Hedge Fund (through Thursday)
With global indices’ strong weekly performance, it is not surprising hedge funds lagged for the week. Prime brokers’ books were net bought even with a decline in global trading activity. Flows were risk on through short covering and to a lesser extent long buying. Net buying was driven my macro products which saw the largest net notional buying in 5 years. This was accomplished via long buying and short covering. On the other hand, single-stocks were net sold for the 4th straight week with long sales outpacing short covering 1.5:1. All regions were net bought except EM Europe with North America and developed Europe leading the way. This was done mainly through short covering. 8 of 11 global sectors were net sold let by consumer staples, industrials and materials with healthcare, energy (short covering) and utilities net bought. Hedge funds covered healthcare shorts across sub-sectors at the fastest pace since December.
Private Equity
Despite the worsening macroeconomic trends spreading throughout Europe, European PE deal making remained resilient in Q3 of 2022. Larger deal sizes continue to show an upward trend with the average deal size through Q3 of €289.1 million versus €215.9 million in 2021. However, through Q3 exit values declined from the elevated figures of 2021. As bear markets have spread throughout Europe, exits have become less attractive to investors and management teams alike due to lower valuations. Exit value via public listings is on pace for its lowest annual total since 2012.
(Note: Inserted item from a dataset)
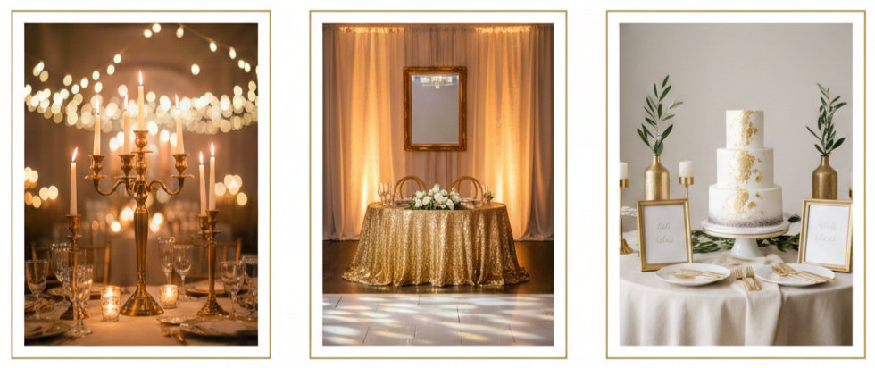 | Polished Gold | Chargers, statement arches, bold table accents, glam evening styling | Bright direct lighting zones that cause glare |

PE fundraising saw a significant slowdown in Q3 as capital becomes more expensive in the current interest rate environment. In step with less than favorable exit conditions, distributions have fallen, and limited partners are adopting a wait-and-see approach before committing new capital. Fundraising figures also indicate that fund sizes could shift as we enter a market down turn. PE growth-expansion funds have remained popular through Q3 as investment horizons linked to high-growth companies could generate heightened returns in the long run.
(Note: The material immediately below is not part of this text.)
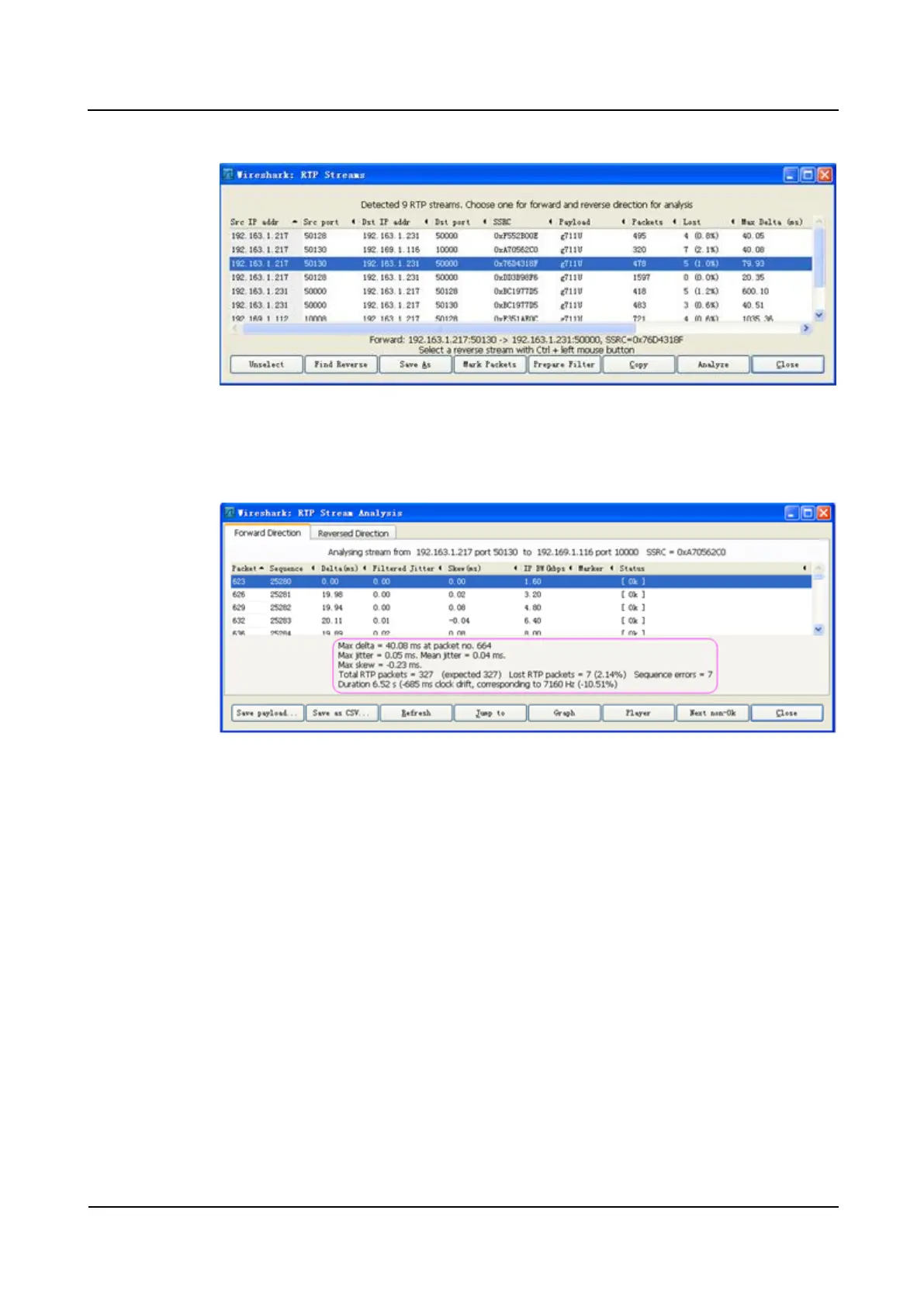 By performing the preceding steps, you can analyze the RTP stream and evaluate the

Analysts suspect the European PE deal making environment to continue to experience pressure throughout Q4 given the declining consumer and business confidence, rising inflation, decline in GDP and wide-spread interest rate hikes.
Data Source: Bloomberg, BBC, Charles Schwab, CNBC, the Daily Shot HFR (returns have a two-day lag), Jim Bianco Research, Market Watch, Morningstar, Pitchbook, Standard & Poor’s, Morgan Stanley, Goldman Sachs and the Wall Street Journal.